▶ [REQUIRED WORK]
Give all of the data again exactly as written, omitting every image.

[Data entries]
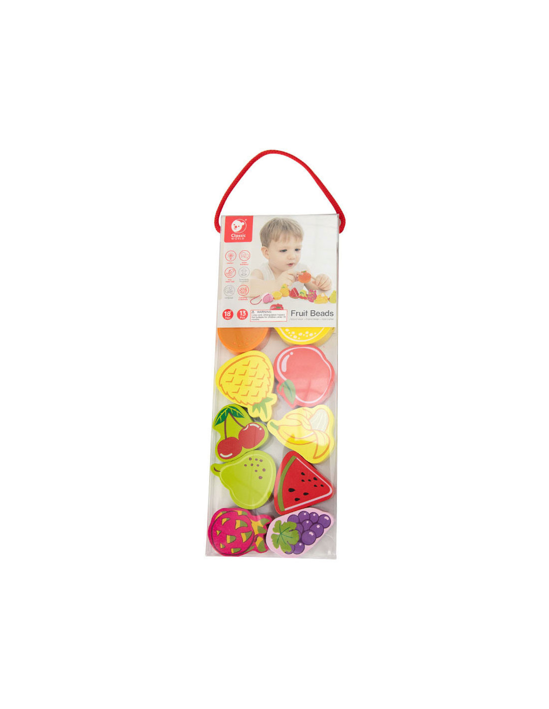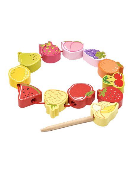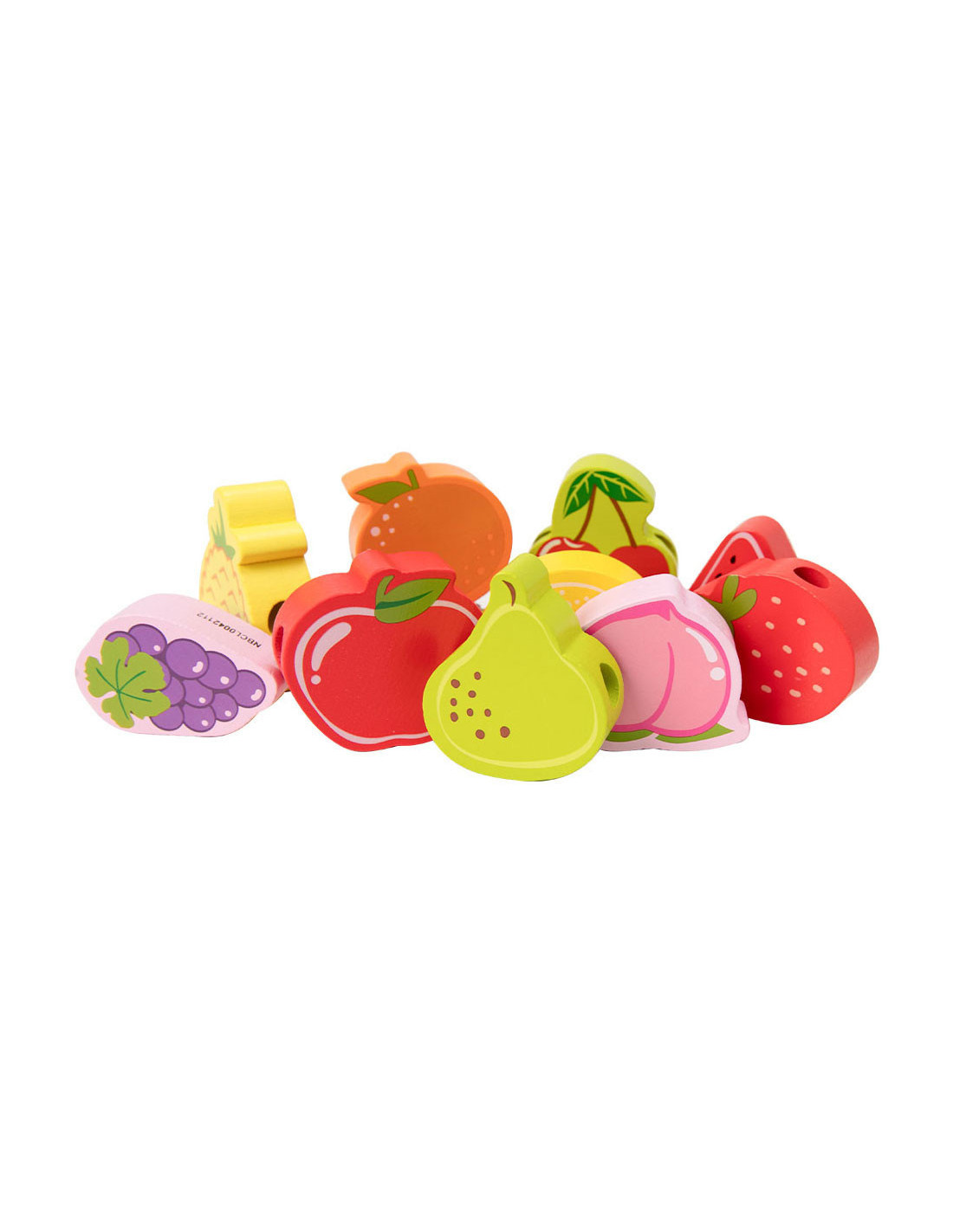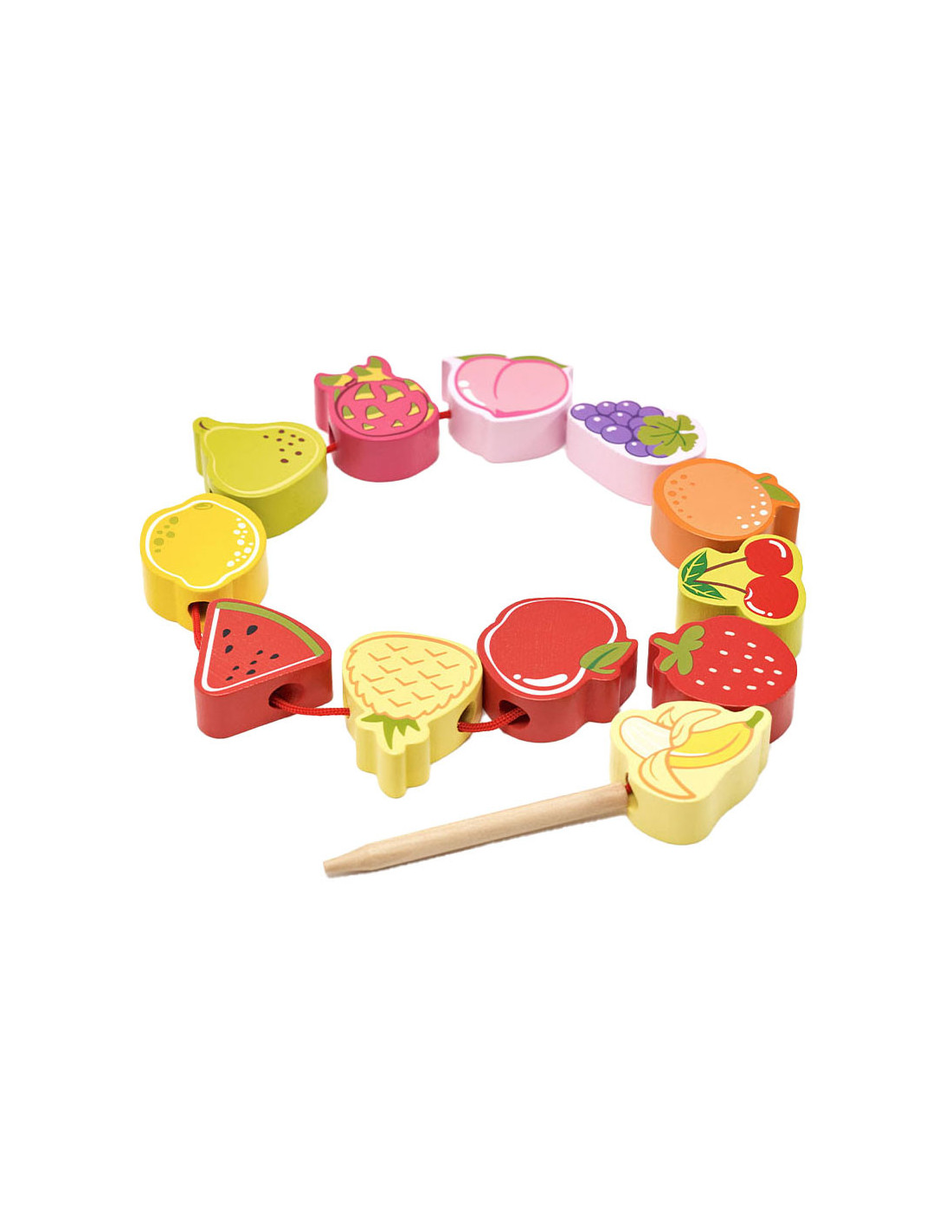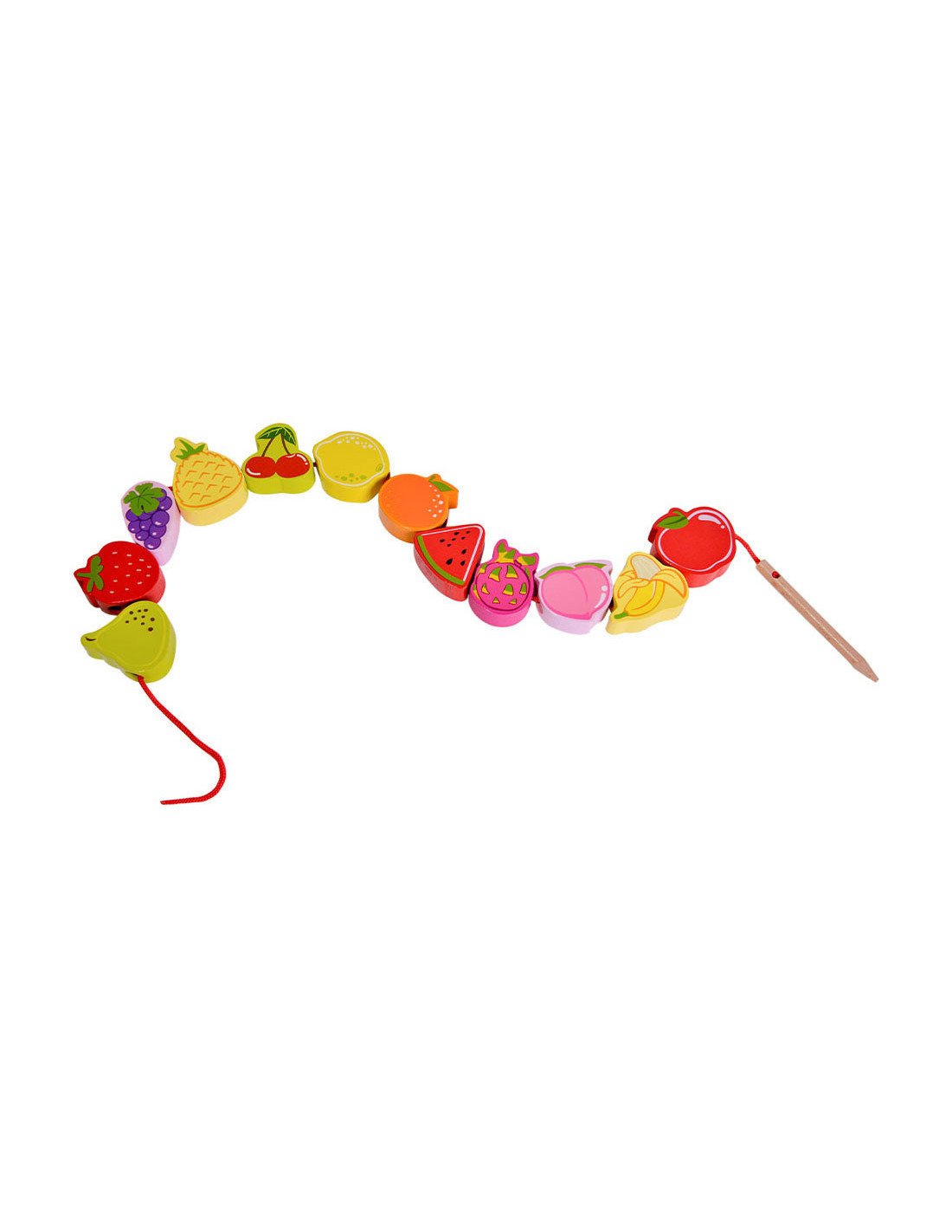 Houten rijgkralen met de opdruk van verschillende soorten fruit. De set bestaat uit 13 houten kralen bedruk met fruit soorten, een koord met houten staafje en opbergzakje. Geschikt voor kinderen vanaf 18 maanden.
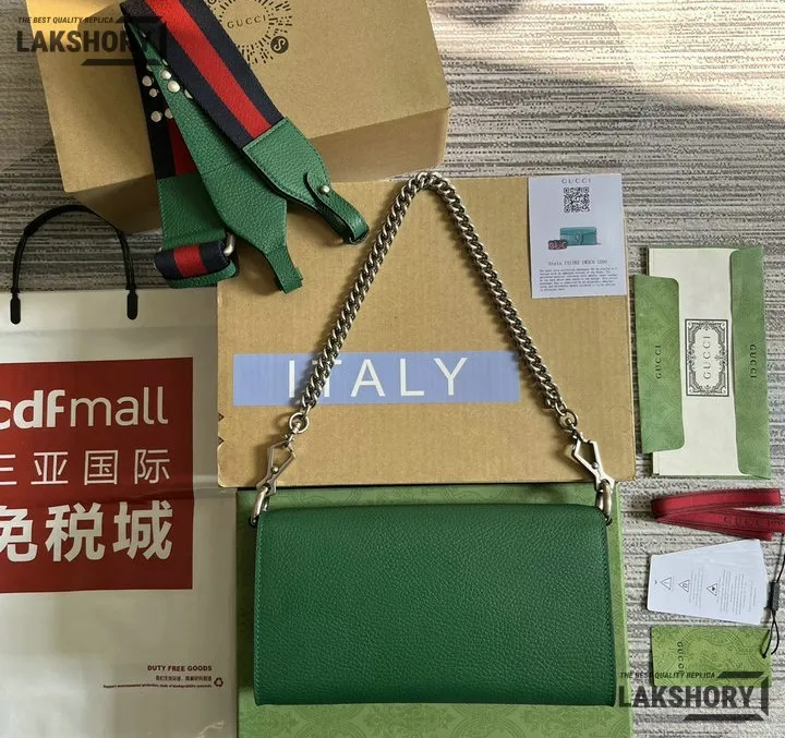 Gucci 1:1 Mirror Replica Medium Dionysus East-West Flap Green Bag 25CM/9.8IN
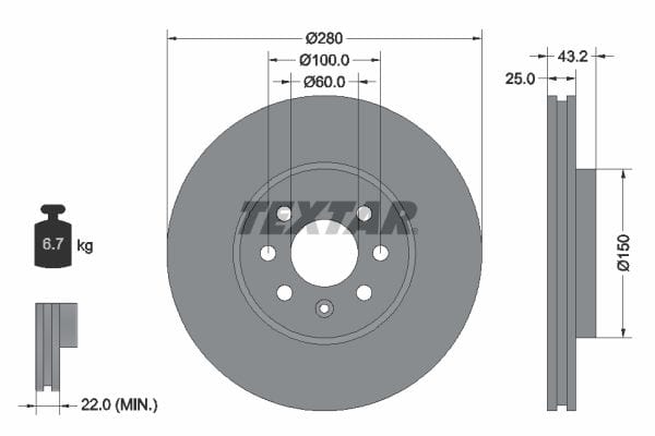 1 X Front Coated Brake Disc Pro Vented 92129303 Textar 280 mm Diameter
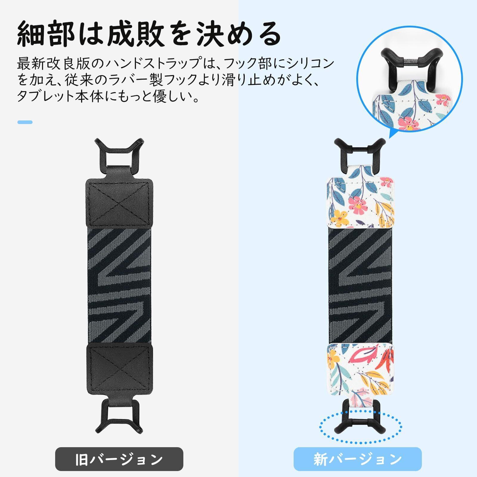 「上質素材採用」 優れた伸縮性がある弾力バンドを採用し、幅広い機種に対応でき、長時間使用しても緩みにくいです。上質なPUレザーを使用してフックの部分と丁寧に縫い合わせて、丈夫で引き裂けする心配は不要です。フックの部分はお客様のご意見を元に改良し、ラバー+シリコンの素材を採用し、タブレットに取り付けても大切な端末に傷つきませんし、滑り止め性能をより一層高め、安心してご利用いただけます。
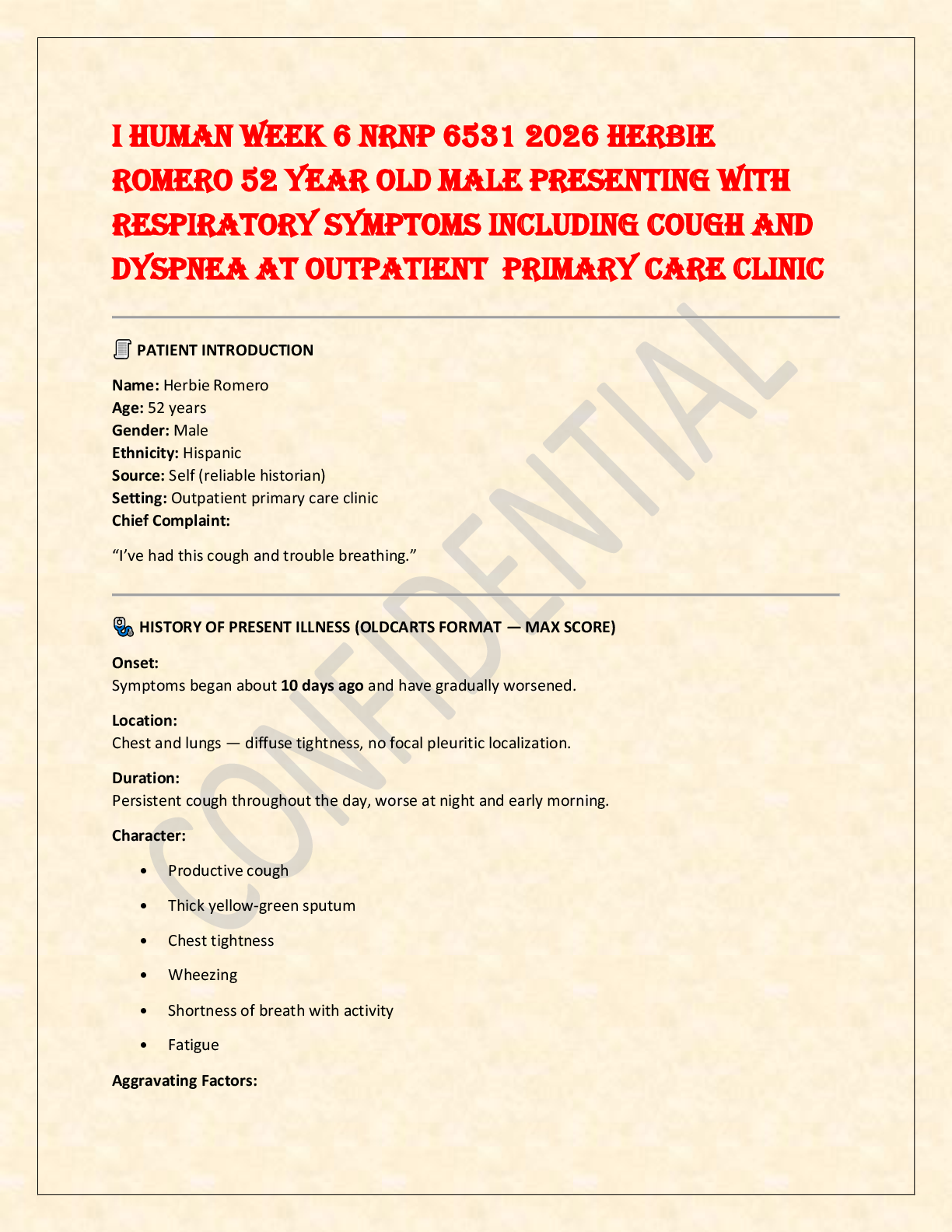 *NURSING > iHuman Case Studies > I HUMAN WEEK 6 NRNP 6531 2026 HERBIE ROMERO 52 YEAR OLD MALE PRESENTING WITH RESPIRATORY SYMPTOMS INCLUDING COUGH AND DYSPNEA AT OUTPATIENT PRIMARY CARE CLINIC
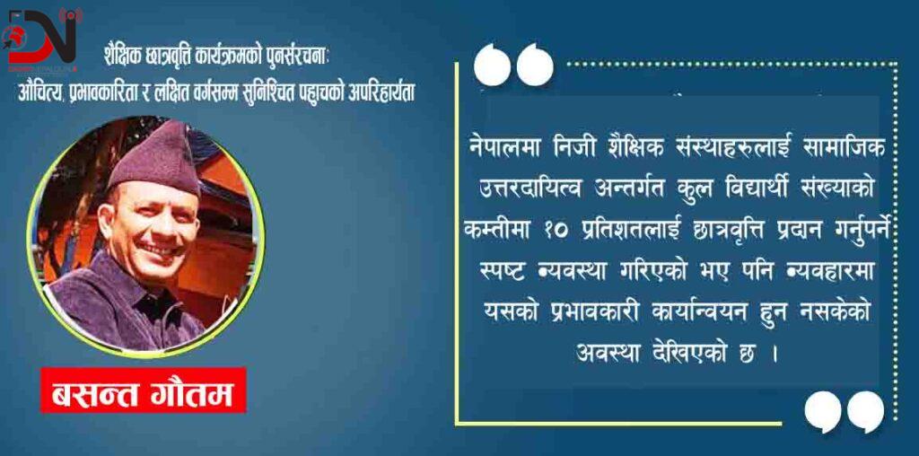 नेपालमा शैक्षिक अधिकारको संरक्षण, शैक्षिक समानता, सामाजिक न्याय र समावेशीताको लक्ष्य हासिल गर्ने प्रमुख माध्यमका रूपमा विभिन्न प्रकारका छात्रवृत्ति कार्यक्रमहरू कार्यान्वयनमा रहेका छन् । विशेष गरी दलित समुदायका छात्रछात्रा तथा गैरदलित छात्रा लक्षित वार्षिक रु ४०० छात्रवृत्ति कार्यक्रम राज्यको सकारात्मक विभेद को एउटा महत्वपूर्ण अभ्यास हो, जसले ऐतिहासिक रूपमा वञ्चित र सीमान्तकृत समुदायलाई शिक्षामा पहुँच विस्तार गर्ने उद्देश्य राख्दछ । यद्यपि, समयको परिवर्तन, आर्थिक अवस्थाको उतारचढाव तथा शैक्षिक आवश्यकताको विस्तारसँगै यस्ता कार्यक्रमहरूको औचित्य र प्रभावकारिता पुनः मूल्याङ्कन गर्नुपर्ने अवस्था सिर्जना भएको छ । वर्तमान अवस्थामा अत्यन्त न्यून रकमको छात्रवृत्ति, कमजोर कार्यान्वयन र अपारदर्शी वितरण प्रणालीका कारण यी कार्यक्रमहरू आफ्नो मूल उद्देश्य हासिल गर्न नसकेको यथार्थ विभिन्न अध्ययन तथा व्यवहारिक अनुभवबाट पुष्टि हुँदै आएको छ ।
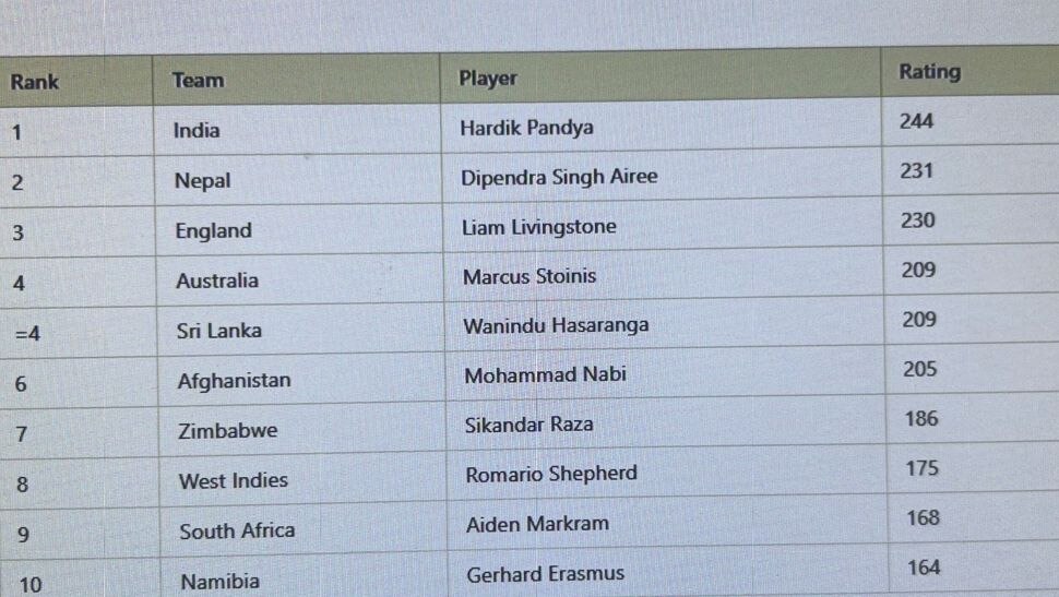 T20I ઓલરાઉન્ડર રેન્કિંગ
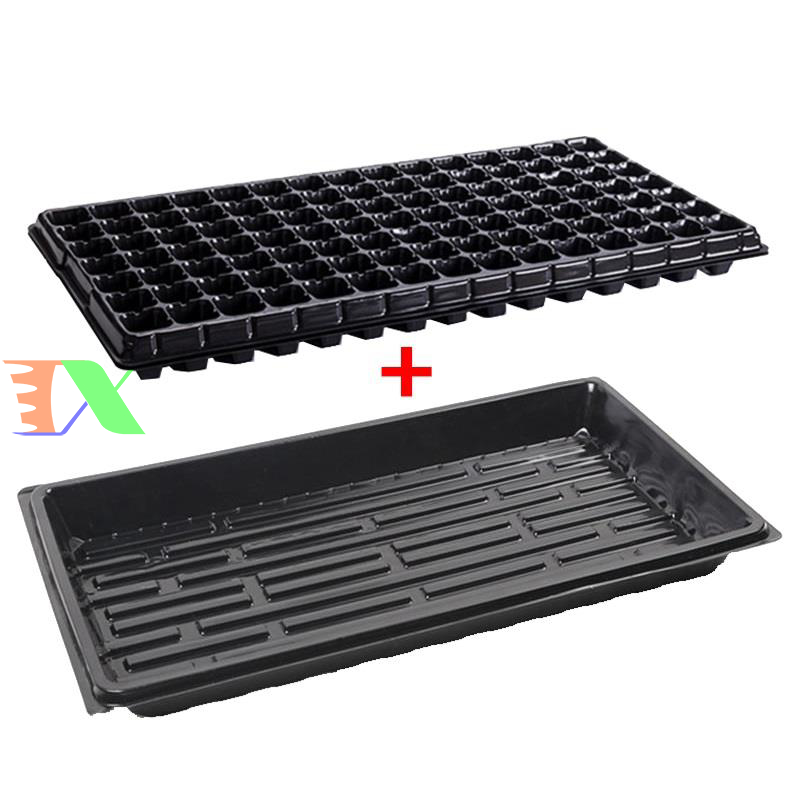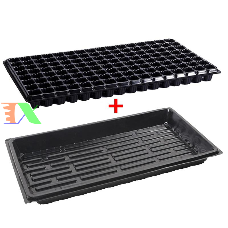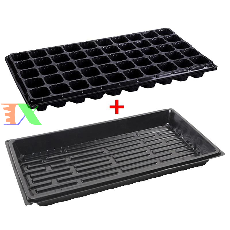 Vỉ nhựa ươm hạt giống kèm Khay chứa nước ươm cây 55*30*5.5 cm, Kit khay nhựa
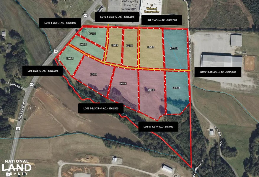 Strategically positioned, the property shares a contiguous border with Walmart, featuring two proposed access points from the Walmart parking lotideal for driving customer traffic and visibility. Of the 52 acres, 38 acres are development-ready, with all major utilities already in place.

▶ [RESPONSE]
 Houten rijgkralen met de opdruk van verschillende soorten fruit. De set bestaat uit 13 houten kralen bedruk met fruit soorten, een koord met houten staafje en opbergzakje. Geschikt voor kinderen vanaf 18 maanden.
 Gucci 1:1 Mirror Replica Medium Dionysus East-West Flap Green Bag 25CM/9.8IN
 1 X Front Coated Brake Disc Pro Vented 92129303 Textar 280 mm Diameter
 「上質素材採用」 優れた伸縮性がある弾力バンドを採用し、幅広い機種に対応でき、長時間使用しても緩みにくいです。上質なPUレザーを使用してフックの部分と丁寧に縫い合わせて、丈夫で引き裂けする心配は不要です。フックの部分はお客様のご意見を元に改良し、ラバー+シリコンの素材を採用し、タブレットに取り付けても大切な端末に傷つきませんし、滑り止め性能をより一層高め、安心してご利用いただけます。
 *NURSING > iHuman Case Studies > I HUMAN WEEK 6 NRNP 6531 2026 HERBIE ROMERO 52 YEAR OLD MALE PRESENTING WITH RESPIRATORY SYMPTOMS INCLUDING COUGH AND DYSPNEA AT OUTPATIENT PRIMARY CARE CLINIC
 नेपालमा शैक्षिक अधिकारको संरक्षण, शैक्षिक समानता, सामाजिक न्याय र समावेशीताको लक्ष्य हासिल गर्ने प्रमुख माध्यमका रूपमा विभिन्न प्रकारका छात्रवृत्ति कार्यक्रमहरू कार्यान्वयनमा रहेका छन् । विशेष गरी दलित समुदायका छात्रछात्रा तथा गैरदलित छात्रा लक्षित वार्षिक रु ४०० छात्रवृत्ति कार्यक्रम राज्यको सकारात्मक विभेद को एउटा महत्वपूर्ण अभ्यास हो, जसले ऐतिहासिक रूपमा वञ्चित र सीमान्तकृत समुदायलाई शिक्षामा पहुँच विस्तार गर्ने उद्देश्य राख्दछ । यद्यपि, समयको परिवर्तन, आर्थिक अवस्थाको उतारचढाव तथा शैक्षिक आवश्यकताको विस्तारसँगै यस्ता कार्यक्रमहरूको औचित्य र प्रभावकारिता पुनः मूल्याङ्कन गर्नुपर्ने अवस्था सिर्जना भएको छ । वर्तमान अवस्थामा अत्यन्त न्यून रकमको छात्रवृत्ति, कमजोर कार्यान्वयन र अपारदर्शी वितरण प्रणालीका कारण यी कार्यक्रमहरू आफ्नो मूल उद्देश्य हासिल गर्न नसकेको यथार्थ विभिन्न अध्ययन तथा व्यवहारिक अनुभवबाट पुष्टि हुँदै आएको छ ।
 T20I ઓલરાઉન્ડર રેન્કિંગ
 Vỉ nhựa ươm hạt giống kèm Khay chứa nước ươm cây 55*30*5.5 cm, Kit khay nhựa
 Strategically positioned, the property shares a contiguous border with Walmart, featuring two proposed access points from the Walmart parking lotideal for driving customer traffic and visibility. Of the 52 acres, 38 acres are development-ready, with all major utilities already in place.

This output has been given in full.